------ Source material ------

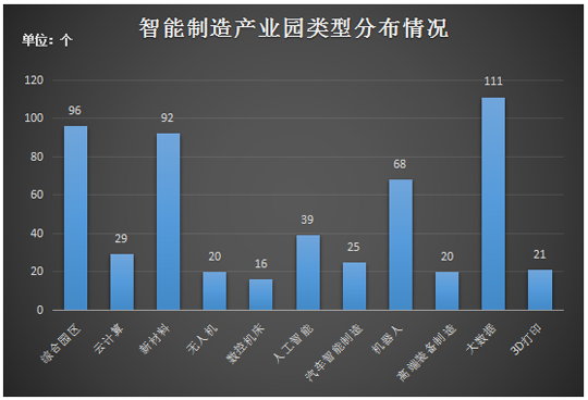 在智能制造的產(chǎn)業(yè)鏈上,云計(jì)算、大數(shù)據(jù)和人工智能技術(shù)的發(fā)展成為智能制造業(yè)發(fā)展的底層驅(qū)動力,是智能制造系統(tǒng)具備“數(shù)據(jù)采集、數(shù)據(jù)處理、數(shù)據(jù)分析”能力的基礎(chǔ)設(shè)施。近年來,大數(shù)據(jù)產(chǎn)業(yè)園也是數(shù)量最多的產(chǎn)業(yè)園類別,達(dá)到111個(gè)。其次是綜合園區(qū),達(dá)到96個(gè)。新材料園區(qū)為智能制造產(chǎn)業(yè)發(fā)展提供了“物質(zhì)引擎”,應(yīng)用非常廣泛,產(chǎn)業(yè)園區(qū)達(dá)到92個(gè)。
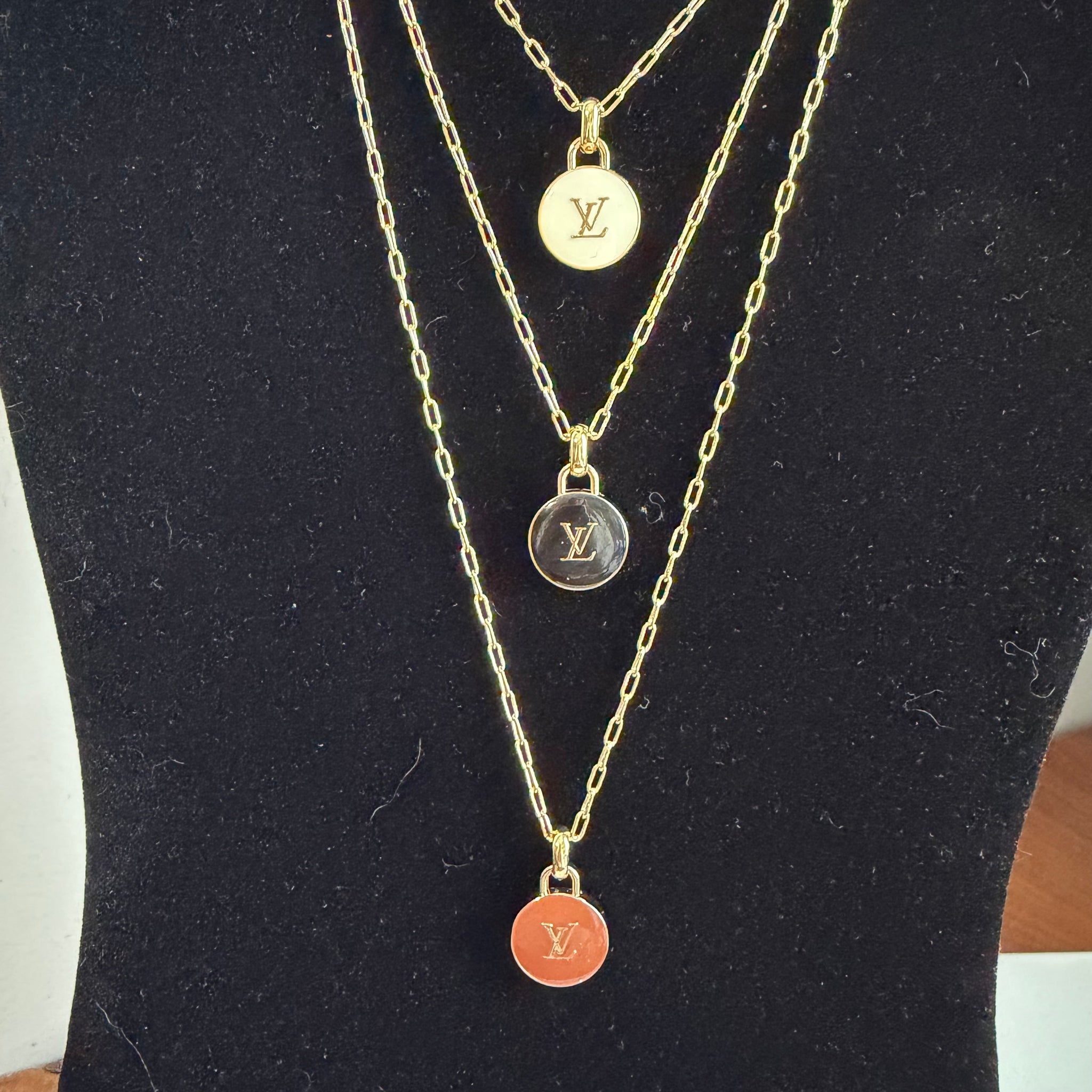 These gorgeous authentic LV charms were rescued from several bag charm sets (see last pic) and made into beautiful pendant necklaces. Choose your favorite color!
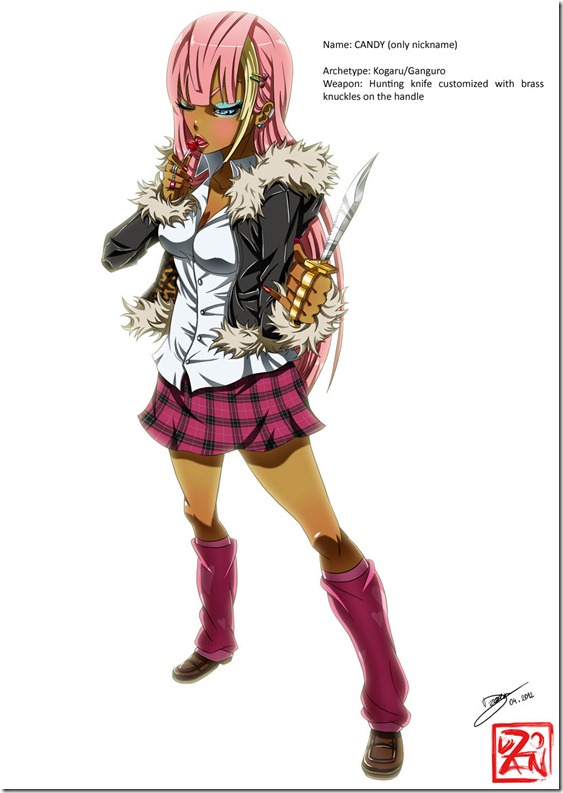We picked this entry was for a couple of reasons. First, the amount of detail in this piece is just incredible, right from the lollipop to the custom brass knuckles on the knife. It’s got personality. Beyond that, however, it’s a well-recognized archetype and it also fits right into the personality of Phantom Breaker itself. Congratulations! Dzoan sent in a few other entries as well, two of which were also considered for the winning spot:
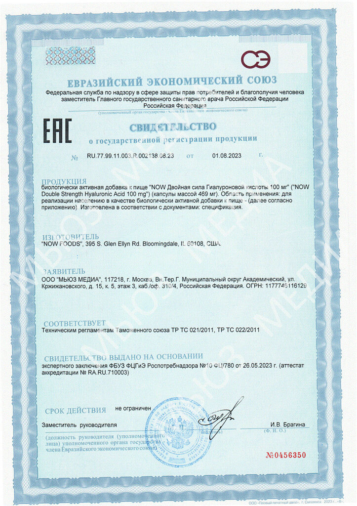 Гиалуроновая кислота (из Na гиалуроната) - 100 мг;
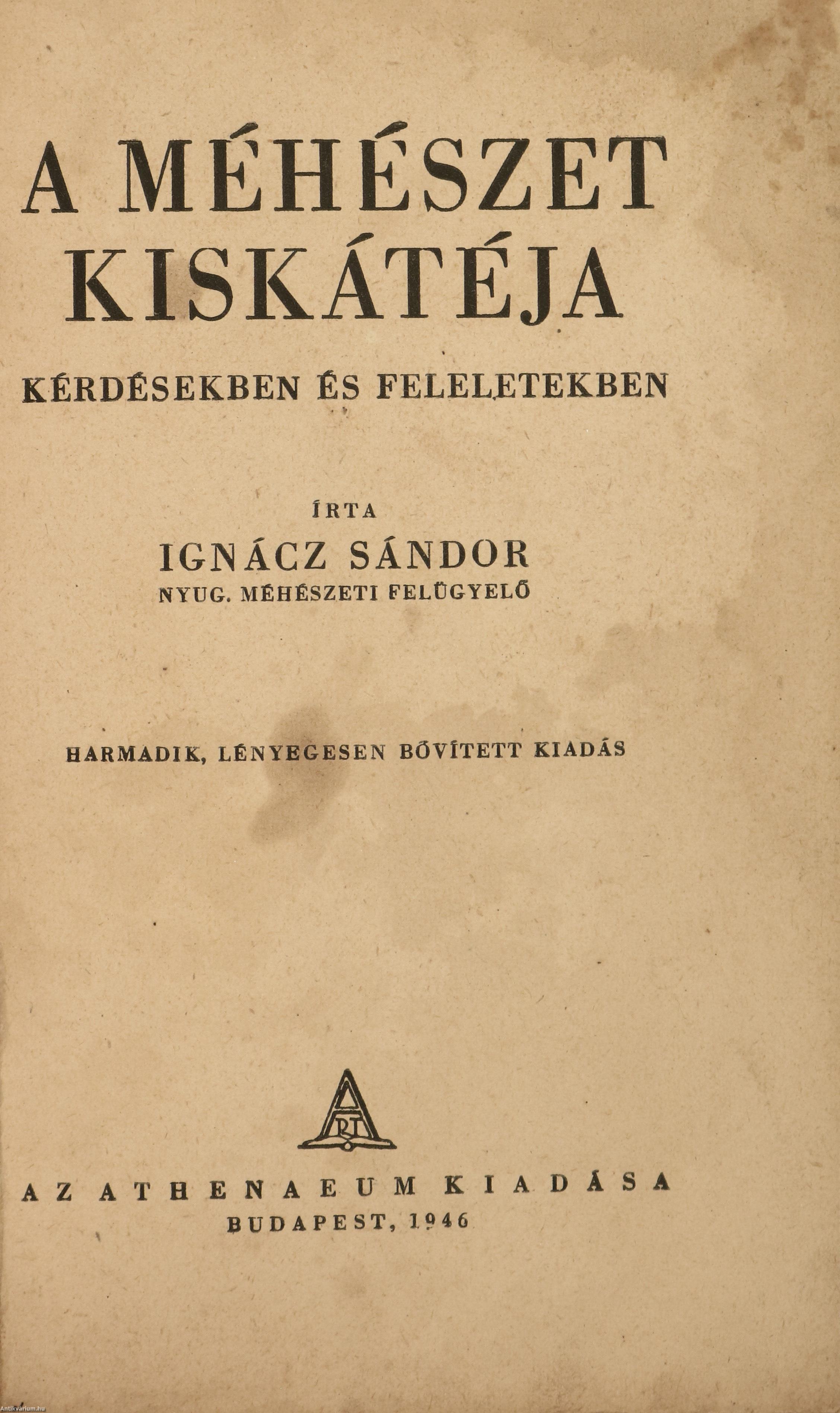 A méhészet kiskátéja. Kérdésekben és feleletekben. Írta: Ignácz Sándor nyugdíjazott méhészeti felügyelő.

------
------ Source material ------

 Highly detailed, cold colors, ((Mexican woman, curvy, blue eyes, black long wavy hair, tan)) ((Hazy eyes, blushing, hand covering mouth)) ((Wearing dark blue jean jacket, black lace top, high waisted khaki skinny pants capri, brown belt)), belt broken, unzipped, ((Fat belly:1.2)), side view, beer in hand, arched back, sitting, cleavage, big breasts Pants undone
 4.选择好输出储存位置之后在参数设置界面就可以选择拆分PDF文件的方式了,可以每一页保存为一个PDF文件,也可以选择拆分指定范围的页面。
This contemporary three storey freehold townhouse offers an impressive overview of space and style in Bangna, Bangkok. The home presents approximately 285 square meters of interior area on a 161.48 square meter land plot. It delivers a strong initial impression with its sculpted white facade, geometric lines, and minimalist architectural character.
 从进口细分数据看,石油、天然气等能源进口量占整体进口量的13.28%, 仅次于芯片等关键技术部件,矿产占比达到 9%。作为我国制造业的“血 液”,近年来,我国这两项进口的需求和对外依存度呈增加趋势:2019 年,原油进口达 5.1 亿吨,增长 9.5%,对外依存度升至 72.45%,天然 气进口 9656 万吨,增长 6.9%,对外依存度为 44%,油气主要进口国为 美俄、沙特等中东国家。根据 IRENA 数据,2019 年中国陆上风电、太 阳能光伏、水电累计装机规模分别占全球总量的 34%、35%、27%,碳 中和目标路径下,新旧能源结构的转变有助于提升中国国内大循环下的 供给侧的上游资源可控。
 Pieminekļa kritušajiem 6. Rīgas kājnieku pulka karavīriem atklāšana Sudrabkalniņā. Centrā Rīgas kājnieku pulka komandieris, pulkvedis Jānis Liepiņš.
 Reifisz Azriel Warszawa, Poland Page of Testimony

------

▸ **Exercise**
Would you retype the lines above from the one with "This contemporary three" down to the one with "Reifisz Azriel Warszawa, Poland", word for word, both ends included and no other lines?

▸ **Response area**
This contemporary three storey freehold townhouse offers an impressive overview of space and style in Bangna, Bangkok. The home presents approximately 285 square meters of interior area on a 161.48 square meter land plot. It delivers a strong initial impression with its sculpted white facade, geometric lines, and minimalist architectural character.
 从进口细分数据看,石油、天然气等能源进口量占整体进口量的13.28%, 仅次于芯片等关键技术部件,矿产占比达到 9%。作为我国制造业的“血 液”,近年来,我国这两项进口的需求和对外依存度呈增加趋势:2019 年,原油进口达 5.1 亿吨,增长 9.5%,对外依存度升至 72.45%,天然 气进口 9656 万吨,增长 6.9%,对外依存度为 44%,油气主要进口国为 美俄、沙特等中东国家。根据 IRENA 数据,2019 年中国陆上风电、太 阳能光伏、水电累计装机规模分别占全球总量的 34%、35%、27%,碳 中和目标路径下,新旧能源结构的转变有助于提升中国国内大循环下的 供给侧的上游资源可控。
 Pieminekļa kritušajiem 6. Rīgas kājnieku pulka karavīriem atklāšana Sudrabkalniņā. Centrā Rīgas kājnieku pulka komandieris, pulkvedis Jānis Liepiņš.
 Reifisz Azriel Warszawa, Poland Page of Testimony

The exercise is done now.